== Your assignment ==
Give the data again word for word; drop the pictures.

Given data below:

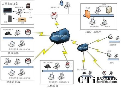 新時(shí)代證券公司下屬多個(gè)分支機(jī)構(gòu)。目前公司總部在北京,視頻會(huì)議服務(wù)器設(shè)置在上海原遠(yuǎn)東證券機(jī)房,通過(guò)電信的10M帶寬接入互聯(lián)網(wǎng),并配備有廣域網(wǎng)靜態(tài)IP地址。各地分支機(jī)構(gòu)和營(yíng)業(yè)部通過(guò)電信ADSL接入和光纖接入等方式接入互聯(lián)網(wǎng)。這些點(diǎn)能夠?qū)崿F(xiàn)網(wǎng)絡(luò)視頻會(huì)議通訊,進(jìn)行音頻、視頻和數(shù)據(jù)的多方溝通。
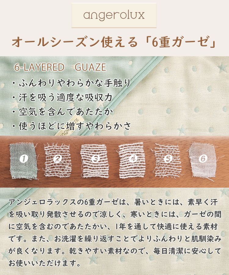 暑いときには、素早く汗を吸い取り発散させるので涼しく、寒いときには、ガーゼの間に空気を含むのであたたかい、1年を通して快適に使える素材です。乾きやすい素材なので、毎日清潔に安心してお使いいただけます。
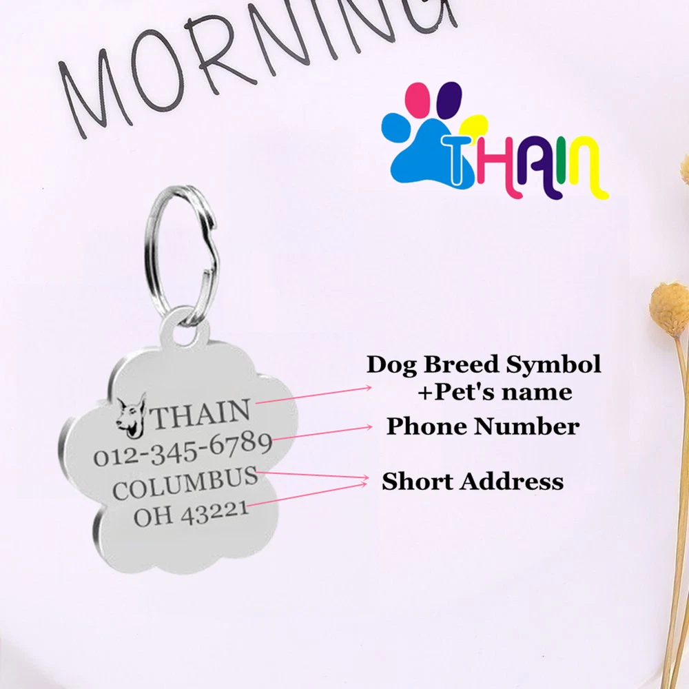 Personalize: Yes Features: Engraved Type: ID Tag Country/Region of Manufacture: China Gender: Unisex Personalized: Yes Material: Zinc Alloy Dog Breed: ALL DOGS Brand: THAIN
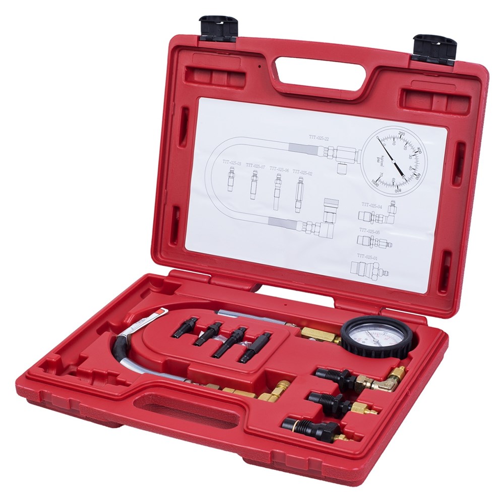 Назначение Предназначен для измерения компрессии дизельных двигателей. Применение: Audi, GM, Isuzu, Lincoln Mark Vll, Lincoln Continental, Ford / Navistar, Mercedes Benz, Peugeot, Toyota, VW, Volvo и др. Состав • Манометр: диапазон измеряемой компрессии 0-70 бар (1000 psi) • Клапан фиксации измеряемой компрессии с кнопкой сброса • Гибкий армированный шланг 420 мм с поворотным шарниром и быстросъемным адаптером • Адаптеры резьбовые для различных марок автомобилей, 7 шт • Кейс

End of Given data.

== Output for this exercise ==
 新時(shí)代證券公司下屬多個(gè)分支機(jī)構(gòu)。目前公司總部在北京,視頻會(huì)議服務(wù)器設(shè)置在上海原遠(yuǎn)東證券機(jī)房,通過(guò)電信的10M帶寬接入互聯(lián)網(wǎng),并配備有廣域網(wǎng)靜態(tài)IP地址。各地分支機(jī)構(gòu)和營(yíng)業(yè)部通過(guò)電信ADSL接入和光纖接入等方式接入互聯(lián)網(wǎng)。這些點(diǎn)能夠?qū)崿F(xiàn)網(wǎng)絡(luò)視頻會(huì)議通訊,進(jìn)行音頻、視頻和數(shù)據(jù)的多方溝通。
 暑いときには、素早く汗を吸い取り発散させるので涼しく、寒いときには、ガーゼの間に空気を含むのであたたかい、1年を通して快適に使える素材です。乾きやすい素材なので、毎日清潔に安心してお使いいただけます。
 Personalize: Yes Features: Engraved Type: ID Tag Country/Region of Manufacture: China Gender: Unisex Personalized: Yes Material: Zinc Alloy Dog Breed: ALL DOGS Brand: THAIN
 Назначение Предназначен для измерения компрессии дизельных двигателей. Применение: Audi, GM, Isuzu, Lincoln Mark Vll, Lincoln Continental, Ford / Navistar, Mercedes Benz, Peugeot, Toyota, VW, Volvo и др. Состав • Манометр: диапазон измеряемой компрессии 0-70 бар (1000 psi) • Клапан фиксации измеряемой компрессии с кнопкой сброса • Гибкий армированный шланг 420 мм с поворотным шарниром и быстросъемным адаптером • Адаптеры резьбовые для различных марок автомобилей, 7 шт • Кейс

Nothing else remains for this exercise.